SkillCoach: Self-Evolving Rubrics for Evaluating and Enhancing Agentic Skill-Use
中文标题: SkillCoach:自演化评分体系用于评估和增强智能体技能使用
英文摘要
SkillCoach proposes a self-evolving rubric framework that derives skill-grounded process rubrics from rollouts to evaluate agentic skill-use along four dimensions: skill selection, skill following, skill composition, and skill-grounded reflection. It separates process quality from task success by keeping an external verifier as a distinct outcome signal, enabling detection of hidden failures that final accuracy alone would miss. The evolved rubrics are then used as process supervision to select high-quality training trajectories, outperforming outcome-only filtering. Experiments show the approach improves evaluation quality and provides stronger supervision signals for enhancing agentic skill-use.
中文摘要
SkillCoach 提出一个自演化的评分框架,从运行足迹中自动归纳基于技能的过程评分标准,从技能选择、技能遵循、技能组合和基于技能的反思四个维度评估智能体的技能使用。该框架将外部验证器保留为独立的最终成功信号,从而区分过程质量与偶然成功,揭示仅靠最终准确率无法发现的失败。演化后的评分标准进一步作为过程监督,用于筛选高质量训练轨迹,优于仅依赖最终结果的过滤方式。实验表明该方法提升了评估质量,并为增强智能体的技能使用提供了更强的监督信号。
关键要点
Introduces self-evolving rubrics from rollouts to evaluate skill-use in four dimensions: selection, following, composition, and reflection.

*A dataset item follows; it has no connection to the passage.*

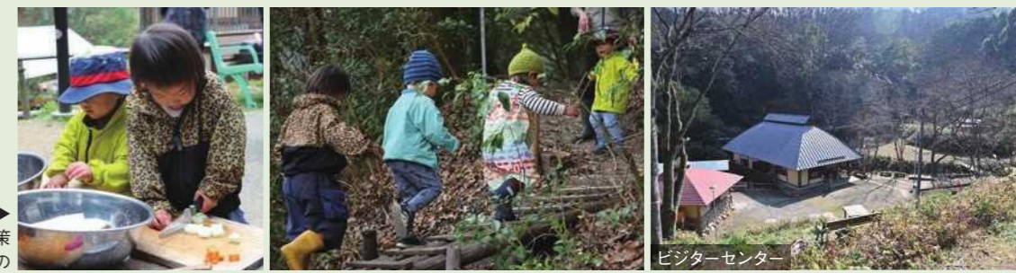
ビジターセンター

森の親子広場での一コマ▶ (中) 森の中を冒険気分でご散歩 (左) 包丁の使い方も慣れたもの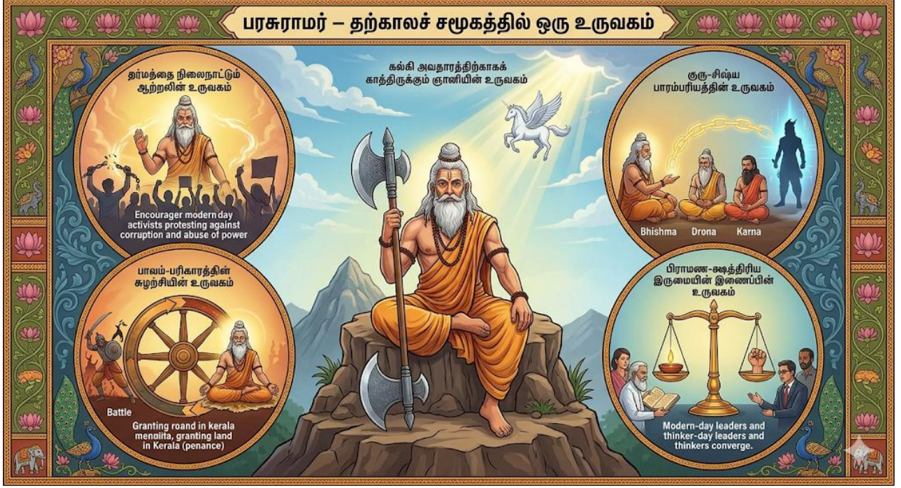
படம் 8: பரசுராமர் – தற்காலச் சமூகத்தில் ஐந்து உருவகங்கள்

இந்த வரைபடம் பரசுராமரின் ஐந்து தற்கால உருவகங்களை விளக்குகிறது. முதலாவதாக, தர்மத்தை நிலைநாட்டும் ஆற்றலின் உருவகம் – சுஷத்திரியர்களின் அதிகாரத் துஷ்பிரயோகத்தை ஒழித்து, இன்று அதிகாரத்தின் தவறான பயன்பாட்டிற்கு எதிரான முன்னுதாரணமாக விளங்குகிறார் . இரண்டாவதாக, குரு-சிஷ்ய பாரம்பரியத்தின் உருவகம் – பீஷ்மர், துரோணர், கர்ணன், கல்கி ஆகியோருக்குக் குருவாக இருந்து, யுகங்களைத் தாண்டிய அறிவின் தொடர்ச்சியின் அடையாளமாக விளங்குகிறார் . மூன்றாவதாக, பிராமண-சுஷத்திரிய இருமையின் இணைப்பின் உருவகம் – பிராமணரின் அறிவையும், சுஷத்திரியரின் வீரத்தையும் ஒருங்கே கொண்டு, அறிவு மற்றும் செயல்திறனின் ஒருங்கிணைப்பின் அவசியத்தை உணர்த்துகிறார் . நான்காவதாக, பாவம்-பரிகாரத்தின் சுழற்சியின் உருவகம் – தாயின் தலையைக் கொய்து மீண்டும் உயிர்ப்பித்ததும், சுஷத்திரியர்களை அழித்துப் பிராமணர்களுக்கு நிலம் அளித்ததும், செயலுக்கு விளைவும், பாவத்திற்குப் பரிகாரமும் இன்றியமையாதது என்பதைக் காட்டுகிறது . ஐந்தாவதாக, கல்கி அவதாரத்திற்காகக் காத்திருக்கும் ஞானியின் உருவகம் – எதிர்காலத்தில் மீண்டும் தர்மம் நிலைநாட்டப்படும் என்னும் நம்பிக்கையின் அடையாளமாக விளங்குகிறார். இவ்வைந்து உருவகங்களும் இணைந்து, தர்மத்தைக் காக்கும் ஆற்றல், அறிவு-செயலின் ஒருங்கிணைப்பு, பாவ-பரிகாரச் சுழற்சி, எதிர்கால நம்பிக்கை ஆகிய மையச் செய்திகளை வெளிப்படுத்துகின்றன.

从运行记录中自演化出评分标准,从选择、遵循、组合与反思四个维度评估智能体的技能使用。
Separates process evaluation from outcome verification, exposing hidden failures that final accuracy overlooks.
将过程评估与结果验证解耦,揭示最终准确率所掩盖的隐藏失败。
Uses evolved rubrics as process supervision to select training trajectories, outperforming outcome-only filtering.
以演化后的评分标准作为过程监督,筛选训练轨迹,其效果优于仅依赖最终结果过滤的方式。
Demonstrates improved evaluation quality and stronger supervision signals for enhancing agentic skill-use.
实验证明该方法提升了评估质量,为增强智能体技能使用提供了更强的监督信号。